- THE PROBLEM
Locate, in the data below, the line that contains "Fitness pasta con" and the line that contains "Animo ženski dresurni"; reproduce exactly those two lines and every line between them, nothing more.

- SUPPLIED RECORDS
────────────────────

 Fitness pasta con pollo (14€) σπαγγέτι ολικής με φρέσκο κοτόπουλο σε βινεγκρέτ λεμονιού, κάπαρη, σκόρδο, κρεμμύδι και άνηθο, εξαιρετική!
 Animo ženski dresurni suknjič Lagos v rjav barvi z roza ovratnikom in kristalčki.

────────────────────

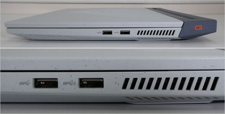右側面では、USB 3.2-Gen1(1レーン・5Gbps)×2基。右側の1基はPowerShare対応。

────────────────────

- SOLUTION FOR THIS TASK
 Fitness pasta con pollo (14€) σπαγγέτι ολικής με φρέσκο κοτόπουλο σε βινεγκρέτ λεμονιού, κάπαρη, σκόρδο, κρεμμύδι και άνηθο, εξαιρετική!
 Animo ženski dresurni suknjič Lagos v rjav barvi z roza ovratnikom in kristalčki.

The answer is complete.